One of the main reasons that it fails to give the results that we would want is that if xis a complex variety and fis a constant sheaf then hi zarx. For each group gand representation mof gthere are abelian groups hng,m and hng,m where n 0,1,2,3. I of x such that fui is a free oui module, if and only if f is flat, i. A read is counted each time someone views a publication summary such as the title, abstract, and list of authors, clicks on a figure, or views or downloads the fulltext. A generalized etale cohomology theory is a theory which is represented by a presheaf of spectra on an etale site for an algebraic variety, in analogy with the way an ordinary spectrum represents a cohomology theory for spaces. Generalized cohomology theories encyclopedia of mathematics. Etale cohomology theoryrevised editio and millions of other books are available for amazon kindle. Fu, etale cohomology theory, revised edition, world scientific, 2015. New edition available here etale cohomology is an important branch in arithmetic geometry.

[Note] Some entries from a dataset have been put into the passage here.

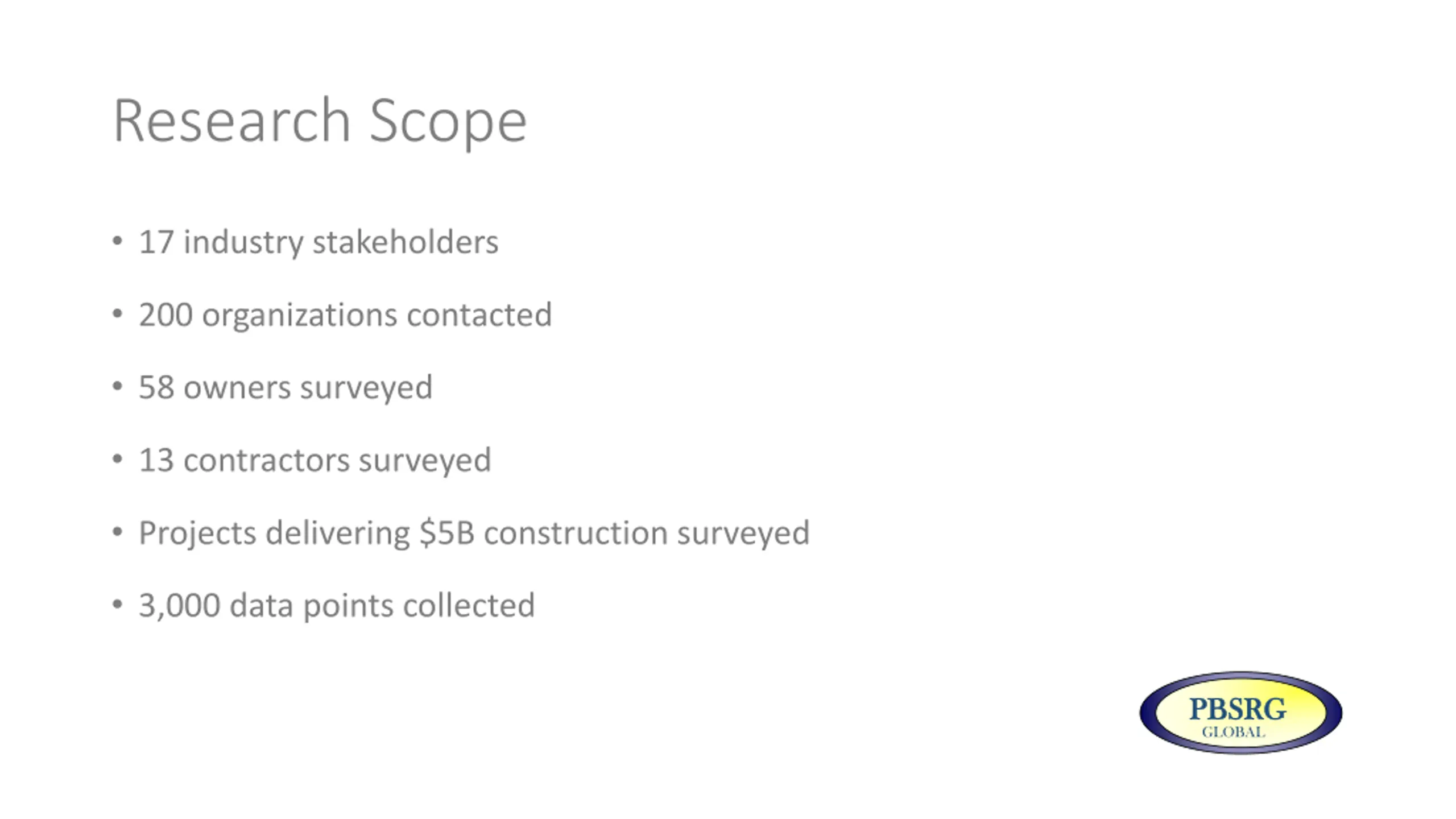 Research Scope 17 industry stakeholders 200 organizations contacted 58 owners surveyed 13 contractors surveyed Projects delivering $5B construction surveyed 3,000 data points collected PBSRG PBSRG GLOBAL
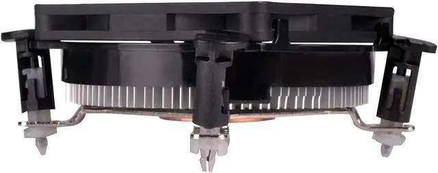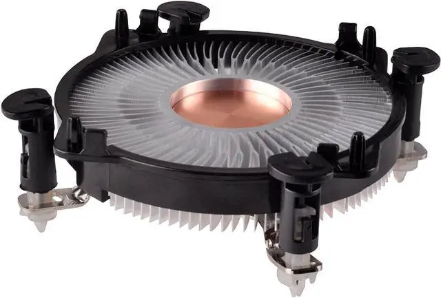 SilverStone Technology's Nitrogon NT08-115XP is a super slim profile CPU cooler designed for space limited super slim cases such as SilverStone VT01 for Intel Mini-STX platform. It has a true, solid copper center and base with extruded aluminum fins for superior thermal conductivity for up to 65W. The custom super slim 80mm PWM fan can maintain low noise during operation. With a total height of 33mm tall and push-pin design for easy installation, the NT08-115XP is an excellent upgrade for any low-profile system on Intel LGA1150/1151/1155/1156 platforms.
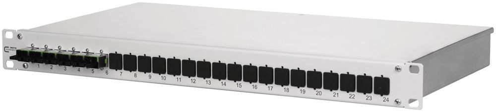 48,3 cm ( 19 Zoll ), 1HE LWL-Patchfeld für Festeinbau, bestückt mit E2000-D-Kupplungen und E2000-Pigtails, Pigtails mit Kompaktader ø 0,9 mm, 12 Farben, Sekundär- und Primärcoating gleichgefärbt, Länge 2,0 m, Pigtails in Standardspleißkassette mit Crimpspleißhaltern eingelegt und abgesetzt, Pigtails gereinigt und in Kupplungen eingesteckt, leichte Aluminium-Konstruktion mit Stahlblech Frontplatte (grau oder schwarz), nicht belegte Ausbrüche mit Blindstopfen verschlossen, abnehmbare Frontplatte zur einfachen Kupplungsmontage, servicefreundliche, verschraubte Abdeckung, mehrere Kabeleingangsmöglichkeiten rückseitig (Befestigung mit PG13,5, PG16 und PG21 bzw. M20 und M25), eine Kabeleinführung M20 ist beigelegt, Varianten: bestückt mit 12 oder 24 E2000-D Kupplungen und Pigtails jeweils blau (OS2) oder E2000-D APC Kupplungen und Pigtails jeweils grün (OS2)

More abstractly, via the classical model structure on topological spaces, these structures are seen to serve as presentations for certain homotopy pushouts. This book covers the main materials in sga 1, sga 4, sga 4 12 and sga 5 on etale c. Lectures on local cohomology craig huneke and appendix 1 by amelia taylor abstract. Contemporary trends in algebraic geometry and algebraic topology. Given an arbitrary finitedimensional vector space f over r, we denote by cm, v the vector space of all glinear alternating functions defined on vim with values in v. Grothendieck was the rst to suggest etale cohomology 1960 as an attempt to solve the weil conjectures. Specifically, we determine the proportion of twists. Macdonald, introduction to commutative algebra, addisonwesley publishing company, 1969. Any cohomology theory which is a1invariant and satis. We study the parity of 2selmer ranks in the family of quadratic twists of a fixed principally polarised abelian variety over a number field. The investigation of the path cohomology from this framework, leads to a subtle version of poincare lemma for digraphs, which follows from the. The first identification is very general it is true for any cohomology theory on a site and has nothing to. The essentials of etale cohomology theory springerlink.